__Exercise requirements__.
Write out exactly, and only, the lines below from the line with "本次闽超赛事实行预订购票制度" through the line with "Figurines Naruto dont"; pictures do not belong in the copy.

__Dataset excerpts__.
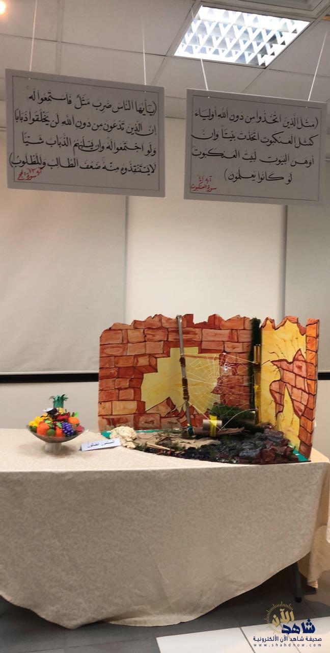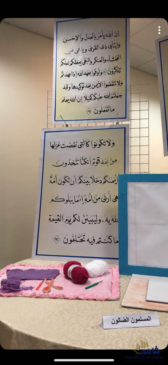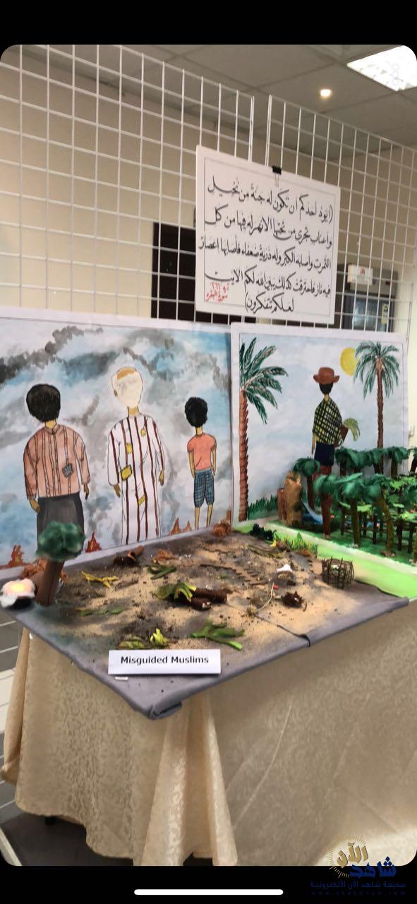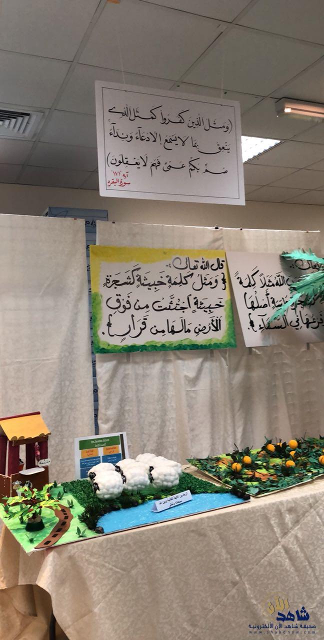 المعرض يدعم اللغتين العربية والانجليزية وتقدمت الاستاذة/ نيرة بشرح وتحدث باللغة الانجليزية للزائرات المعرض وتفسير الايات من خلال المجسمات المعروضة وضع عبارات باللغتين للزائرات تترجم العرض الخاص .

---

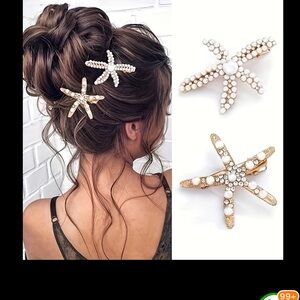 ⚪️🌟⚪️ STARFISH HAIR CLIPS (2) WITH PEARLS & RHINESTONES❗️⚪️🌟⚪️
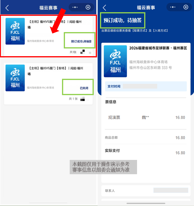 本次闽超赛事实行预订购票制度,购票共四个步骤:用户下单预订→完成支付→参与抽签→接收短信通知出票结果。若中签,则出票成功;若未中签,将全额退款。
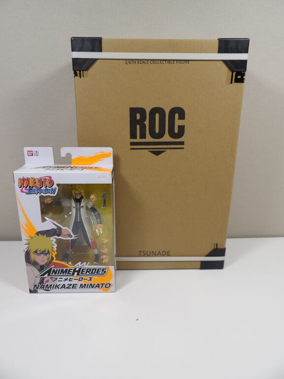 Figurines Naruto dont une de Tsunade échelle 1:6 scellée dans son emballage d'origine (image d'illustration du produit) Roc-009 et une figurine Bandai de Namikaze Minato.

__Exercise solution__.
 本次闽超赛事实行预订购票制度,购票共四个步骤:用户下单预订→完成支付→参与抽签→接收短信通知出票结果。若中签,则出票成功;若未中签,将全额退款。
 Figurines Naruto dont une de Tsunade échelle 1:6 scellée dans son emballage d'origine (image d'illustration du produit) Roc-009 et une figurine Bandai de Namikaze Minato.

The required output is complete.